# New diaphragms needed-maybe.



## Imagewerx (Nov 30, 2012)

I've got a pair of Image Dynamics CD2 comps in my car that I've had for a few years now.I bought them second hand and one of them has always suffered from the voice coil partly separating from the diaphragm,it's fixed for a while with a tiny dab of superglue but always comes unstuck again a couple of times a year.

As Image Dynamics don't seem to be doing HLCDs now,I would guess they don't carry spares for these any more.I found a picture some time ago of some identical compression drivers (or at least they looked identical) with one of the more well known compression driver manufacturers names on them.I can't find this now,so does anyone know who originally made these drivers,and if I can still get replacement diaphragms for them?

Or is there an alternative driver I can use on my horns?
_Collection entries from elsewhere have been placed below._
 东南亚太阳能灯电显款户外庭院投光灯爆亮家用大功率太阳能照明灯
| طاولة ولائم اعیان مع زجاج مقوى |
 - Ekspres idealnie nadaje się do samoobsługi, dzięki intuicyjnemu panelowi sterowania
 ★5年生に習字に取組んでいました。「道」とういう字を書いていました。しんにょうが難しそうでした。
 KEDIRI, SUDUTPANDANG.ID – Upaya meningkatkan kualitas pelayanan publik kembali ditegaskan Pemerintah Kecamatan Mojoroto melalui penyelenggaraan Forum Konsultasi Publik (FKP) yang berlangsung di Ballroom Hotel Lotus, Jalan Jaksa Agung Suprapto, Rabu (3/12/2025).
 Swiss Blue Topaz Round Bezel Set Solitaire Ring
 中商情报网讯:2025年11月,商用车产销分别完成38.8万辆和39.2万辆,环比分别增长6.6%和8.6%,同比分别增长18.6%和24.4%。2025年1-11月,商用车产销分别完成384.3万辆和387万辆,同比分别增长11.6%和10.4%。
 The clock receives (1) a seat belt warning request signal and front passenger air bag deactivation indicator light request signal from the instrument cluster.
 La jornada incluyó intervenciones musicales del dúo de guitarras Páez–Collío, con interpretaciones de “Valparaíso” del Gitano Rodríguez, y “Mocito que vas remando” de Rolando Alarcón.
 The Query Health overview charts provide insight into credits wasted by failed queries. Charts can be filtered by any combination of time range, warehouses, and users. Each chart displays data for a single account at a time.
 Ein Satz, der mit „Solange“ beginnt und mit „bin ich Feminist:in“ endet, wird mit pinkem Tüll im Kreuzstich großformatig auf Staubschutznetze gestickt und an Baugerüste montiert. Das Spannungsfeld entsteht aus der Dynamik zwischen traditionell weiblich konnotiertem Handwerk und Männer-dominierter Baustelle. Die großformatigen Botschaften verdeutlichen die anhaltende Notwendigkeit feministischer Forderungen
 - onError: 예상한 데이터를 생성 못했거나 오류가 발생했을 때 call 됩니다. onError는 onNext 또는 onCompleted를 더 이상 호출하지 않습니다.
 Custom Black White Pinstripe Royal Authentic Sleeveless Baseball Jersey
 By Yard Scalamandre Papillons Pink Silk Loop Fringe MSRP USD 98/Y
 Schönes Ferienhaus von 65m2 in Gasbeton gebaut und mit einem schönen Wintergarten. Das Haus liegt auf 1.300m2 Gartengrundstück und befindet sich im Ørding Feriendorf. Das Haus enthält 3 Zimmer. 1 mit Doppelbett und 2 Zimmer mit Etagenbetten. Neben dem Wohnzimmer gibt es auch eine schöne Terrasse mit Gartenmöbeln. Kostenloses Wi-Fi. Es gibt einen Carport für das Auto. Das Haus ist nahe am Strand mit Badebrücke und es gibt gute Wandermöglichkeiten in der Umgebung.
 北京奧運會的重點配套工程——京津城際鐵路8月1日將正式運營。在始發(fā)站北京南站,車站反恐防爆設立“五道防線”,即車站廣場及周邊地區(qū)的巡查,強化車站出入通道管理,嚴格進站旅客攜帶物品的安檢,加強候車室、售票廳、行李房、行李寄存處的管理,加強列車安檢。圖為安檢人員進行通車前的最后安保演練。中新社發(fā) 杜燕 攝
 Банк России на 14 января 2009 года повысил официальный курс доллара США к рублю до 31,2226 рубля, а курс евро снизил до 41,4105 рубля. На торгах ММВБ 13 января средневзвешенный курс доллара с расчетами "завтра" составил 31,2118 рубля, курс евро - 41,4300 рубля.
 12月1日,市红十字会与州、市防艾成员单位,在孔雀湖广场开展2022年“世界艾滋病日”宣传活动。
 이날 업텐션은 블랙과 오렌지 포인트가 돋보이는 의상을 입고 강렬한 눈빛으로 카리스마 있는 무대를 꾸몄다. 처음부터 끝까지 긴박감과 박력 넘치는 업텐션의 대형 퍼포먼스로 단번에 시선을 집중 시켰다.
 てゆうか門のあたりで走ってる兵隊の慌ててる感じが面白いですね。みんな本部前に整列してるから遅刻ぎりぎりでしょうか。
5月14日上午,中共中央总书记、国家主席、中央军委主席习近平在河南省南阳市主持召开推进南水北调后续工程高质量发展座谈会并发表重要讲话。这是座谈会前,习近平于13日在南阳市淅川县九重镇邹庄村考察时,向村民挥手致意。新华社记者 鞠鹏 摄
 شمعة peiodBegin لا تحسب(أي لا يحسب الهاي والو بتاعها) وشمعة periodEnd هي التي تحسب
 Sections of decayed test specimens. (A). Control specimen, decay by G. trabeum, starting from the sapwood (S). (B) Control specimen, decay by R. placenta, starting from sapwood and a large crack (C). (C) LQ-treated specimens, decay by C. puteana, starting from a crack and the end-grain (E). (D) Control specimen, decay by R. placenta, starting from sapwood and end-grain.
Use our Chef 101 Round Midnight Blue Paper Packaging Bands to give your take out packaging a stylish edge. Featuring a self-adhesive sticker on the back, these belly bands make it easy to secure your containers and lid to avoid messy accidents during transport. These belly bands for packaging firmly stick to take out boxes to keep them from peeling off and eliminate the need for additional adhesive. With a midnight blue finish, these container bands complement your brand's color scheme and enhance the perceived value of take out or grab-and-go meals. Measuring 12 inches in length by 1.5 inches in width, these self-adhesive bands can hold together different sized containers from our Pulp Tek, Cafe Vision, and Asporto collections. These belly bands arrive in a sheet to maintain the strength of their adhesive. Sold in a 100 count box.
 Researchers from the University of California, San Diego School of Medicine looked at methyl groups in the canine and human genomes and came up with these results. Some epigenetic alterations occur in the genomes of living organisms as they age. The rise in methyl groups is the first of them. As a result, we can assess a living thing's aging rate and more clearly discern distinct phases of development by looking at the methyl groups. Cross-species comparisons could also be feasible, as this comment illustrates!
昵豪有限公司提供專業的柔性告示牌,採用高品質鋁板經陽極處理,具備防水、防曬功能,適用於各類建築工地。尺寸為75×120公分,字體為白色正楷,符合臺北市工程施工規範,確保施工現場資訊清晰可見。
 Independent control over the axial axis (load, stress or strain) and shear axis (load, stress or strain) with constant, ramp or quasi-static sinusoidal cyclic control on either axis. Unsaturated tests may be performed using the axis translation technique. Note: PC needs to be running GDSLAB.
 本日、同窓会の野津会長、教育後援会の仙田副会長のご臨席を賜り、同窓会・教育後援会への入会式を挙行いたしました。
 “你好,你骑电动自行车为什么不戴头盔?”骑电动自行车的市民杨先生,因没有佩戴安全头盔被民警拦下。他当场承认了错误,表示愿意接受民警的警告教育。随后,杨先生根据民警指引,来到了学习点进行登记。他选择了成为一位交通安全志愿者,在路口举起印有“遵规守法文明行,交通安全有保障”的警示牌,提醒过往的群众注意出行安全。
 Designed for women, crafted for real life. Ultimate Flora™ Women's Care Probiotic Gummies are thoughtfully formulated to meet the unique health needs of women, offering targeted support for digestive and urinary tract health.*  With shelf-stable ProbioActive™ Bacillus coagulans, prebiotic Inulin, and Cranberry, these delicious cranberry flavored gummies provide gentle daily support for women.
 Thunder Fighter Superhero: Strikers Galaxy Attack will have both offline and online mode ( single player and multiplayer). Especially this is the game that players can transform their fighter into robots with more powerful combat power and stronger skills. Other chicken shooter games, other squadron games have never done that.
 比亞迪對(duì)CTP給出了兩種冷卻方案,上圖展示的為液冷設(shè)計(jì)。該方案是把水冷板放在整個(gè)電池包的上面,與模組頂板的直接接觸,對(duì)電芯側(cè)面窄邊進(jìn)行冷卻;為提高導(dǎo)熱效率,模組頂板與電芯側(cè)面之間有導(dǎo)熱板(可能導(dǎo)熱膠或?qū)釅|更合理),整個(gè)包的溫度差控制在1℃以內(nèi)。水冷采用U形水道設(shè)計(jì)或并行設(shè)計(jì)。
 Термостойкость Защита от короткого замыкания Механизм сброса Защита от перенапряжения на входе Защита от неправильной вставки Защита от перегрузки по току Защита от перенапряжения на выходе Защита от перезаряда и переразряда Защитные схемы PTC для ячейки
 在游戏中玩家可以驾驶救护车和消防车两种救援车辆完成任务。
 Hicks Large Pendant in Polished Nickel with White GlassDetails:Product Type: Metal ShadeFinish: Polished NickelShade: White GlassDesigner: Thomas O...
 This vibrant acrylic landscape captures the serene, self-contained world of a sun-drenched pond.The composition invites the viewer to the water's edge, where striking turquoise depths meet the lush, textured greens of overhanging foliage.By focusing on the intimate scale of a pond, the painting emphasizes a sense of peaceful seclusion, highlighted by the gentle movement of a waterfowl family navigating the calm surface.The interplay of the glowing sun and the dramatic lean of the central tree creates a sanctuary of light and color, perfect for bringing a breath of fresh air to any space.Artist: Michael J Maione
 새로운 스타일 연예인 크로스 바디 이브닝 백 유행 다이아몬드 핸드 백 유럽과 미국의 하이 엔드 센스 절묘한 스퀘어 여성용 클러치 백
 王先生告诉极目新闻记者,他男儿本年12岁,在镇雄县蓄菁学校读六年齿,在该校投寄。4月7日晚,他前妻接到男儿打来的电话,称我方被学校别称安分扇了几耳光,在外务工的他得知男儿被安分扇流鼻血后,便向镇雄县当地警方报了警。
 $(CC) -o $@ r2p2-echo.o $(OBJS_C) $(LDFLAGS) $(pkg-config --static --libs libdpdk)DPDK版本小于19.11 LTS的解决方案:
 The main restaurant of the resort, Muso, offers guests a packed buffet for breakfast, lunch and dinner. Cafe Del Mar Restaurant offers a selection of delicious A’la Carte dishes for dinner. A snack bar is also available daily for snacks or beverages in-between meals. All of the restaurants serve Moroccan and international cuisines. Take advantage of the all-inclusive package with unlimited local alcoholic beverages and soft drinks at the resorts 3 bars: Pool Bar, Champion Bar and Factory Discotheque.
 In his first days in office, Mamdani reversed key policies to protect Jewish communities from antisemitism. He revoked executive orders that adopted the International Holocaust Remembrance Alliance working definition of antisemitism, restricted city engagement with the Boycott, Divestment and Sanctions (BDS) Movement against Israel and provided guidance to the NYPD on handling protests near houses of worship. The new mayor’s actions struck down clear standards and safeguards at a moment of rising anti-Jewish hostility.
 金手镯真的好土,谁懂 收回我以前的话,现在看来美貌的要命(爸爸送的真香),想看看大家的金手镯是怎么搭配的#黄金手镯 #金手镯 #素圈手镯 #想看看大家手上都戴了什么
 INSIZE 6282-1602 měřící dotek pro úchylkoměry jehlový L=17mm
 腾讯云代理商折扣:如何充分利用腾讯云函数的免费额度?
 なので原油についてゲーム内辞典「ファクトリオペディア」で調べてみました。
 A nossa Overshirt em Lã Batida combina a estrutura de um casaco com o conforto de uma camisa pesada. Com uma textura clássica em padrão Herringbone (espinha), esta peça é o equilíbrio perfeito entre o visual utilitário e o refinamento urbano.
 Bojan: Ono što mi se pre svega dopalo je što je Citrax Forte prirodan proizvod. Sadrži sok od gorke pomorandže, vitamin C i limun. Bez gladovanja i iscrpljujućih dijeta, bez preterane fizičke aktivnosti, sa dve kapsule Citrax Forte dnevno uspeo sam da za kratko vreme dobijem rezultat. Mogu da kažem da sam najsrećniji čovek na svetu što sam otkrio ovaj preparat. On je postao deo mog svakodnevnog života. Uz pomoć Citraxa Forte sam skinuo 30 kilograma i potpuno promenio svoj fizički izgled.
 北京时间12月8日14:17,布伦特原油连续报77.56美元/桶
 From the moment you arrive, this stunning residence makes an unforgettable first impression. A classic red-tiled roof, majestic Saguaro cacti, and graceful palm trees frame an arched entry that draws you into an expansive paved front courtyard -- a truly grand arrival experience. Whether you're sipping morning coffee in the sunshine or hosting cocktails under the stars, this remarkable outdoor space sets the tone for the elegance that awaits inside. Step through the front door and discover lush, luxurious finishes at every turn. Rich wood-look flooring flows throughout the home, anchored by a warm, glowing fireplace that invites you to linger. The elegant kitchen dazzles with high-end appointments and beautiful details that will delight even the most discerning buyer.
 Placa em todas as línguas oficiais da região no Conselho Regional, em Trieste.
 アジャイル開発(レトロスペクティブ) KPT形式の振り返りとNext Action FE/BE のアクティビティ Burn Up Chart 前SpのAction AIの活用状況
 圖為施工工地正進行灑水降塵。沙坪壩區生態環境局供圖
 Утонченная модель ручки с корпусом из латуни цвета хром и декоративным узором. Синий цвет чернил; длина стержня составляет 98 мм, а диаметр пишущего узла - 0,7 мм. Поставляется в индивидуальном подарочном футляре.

I can't go any larger diameter as the left hand one is already touching the firewall,but I can go slightly deeper if needed.





Apart from this very old photo the previous owner sent me,this is the only one I can find that shows the outside of the drivers.


----------



## Eric Stevens (Dec 29, 2007)

I am still providing support and spare parts for these and have the diaphragms for them available.

Contact me by PM and we get this taken care of.

Eric Stevens


----------



## roduk (Sep 19, 2008)

Eric's got it sorted


----------



## Imagewerx (Nov 30, 2012)

roduk said:


> Eric's got it sorted


I saw what you did there:laugh4:.


----------